Let’s call it what it is for those who arrogantly hold Israel to a standard of conduct to which no other nation in this world is held. Half a million men, women and children are slaughtered in Rwanda, and there is silence. The Chinese annihilate Tibetan culture, and there is silence. Tens of thousands of civilians are slaughtered in Chechnya, and there is silence. When the Muslim Brotherhood under Mohamed Morsi ruled Egypt and imprisoned the leading democracy advocate in the Arab world after a phony trial, and imprisoned U.S.-funded pro-democracy American workers, not a single student group in America called for divestiture from Egypt or rallied for the release of the imprisoned workers. Even Congress was incensed. But where were the student rallies?
Syria occupied Lebanon for a quarter century, choked the life out of its democracy, assassinated its political leaders, effected a coup d’etat through its Hezbollah proxy, sent Islamic terrorists over its borders to kill Americans and Iraqis, and has slaughtered thousands of its own people, and not one single student organization on our campuses rallied against the Assad regime or called for divestiture from Syria.

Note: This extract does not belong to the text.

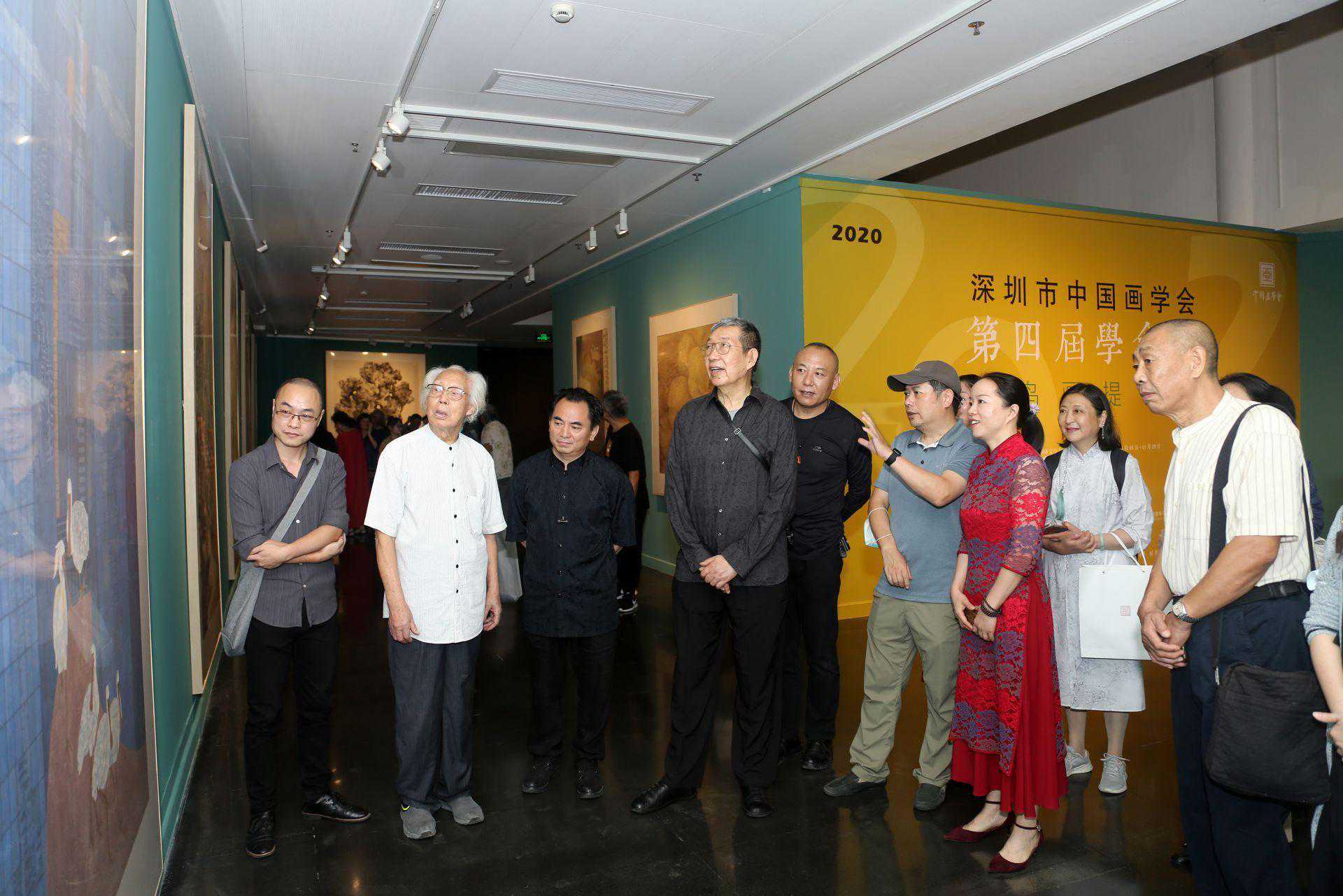 观展交流后,画家们移步到贵宾厅,进行座谈会,中国画学会副会长、深圳市中国画学会名誉会长董小明,广东省中国画学会秘书长潘小明,深圳市中国画学会会长于长江,深圳市美协副主席、深圳画院副院长、深圳市中国画学会执行会长杨晓洋,深圳市美协副主席兼秘书长郝强,深圳市美协副主席马顺先,惠州市中国画学会会长邱楚莲,深圳大学教授郭西元,深圳画院创作部主任、中国画学会副会长颜晓萍,福田区美协副主席、南园美术馆馆长尹晶华,执行策展人古秀玲及李宽明、乔广洋、李文秀、燕敦俭、李士军、高坤水、夏萍、景丽莉、罗兰、刘元生、贺勤、陈俊宇、刘元生、丁彦国、杨东风、陈国剑、皮祥玲、孙沛坤、米娜、蒙委权等参展艺术家参加了交流活动。

Iran uses its paramilitary Basij thugs to beat up student demonstrators in the streets of Tehran and squeezes the life out of that county’s embryonic democratic movement, and there is silence. Saudi Arabia denies its women the most basic human rights, and bans any other religion from being practiced publicly on its soil. So when is Saudi Apartheid Week?
These human rights violations and tragedies dwarf anything done by the Israelis, yet they fail to elicit the same degree of moral outrage that Israel evokes among its campus critics.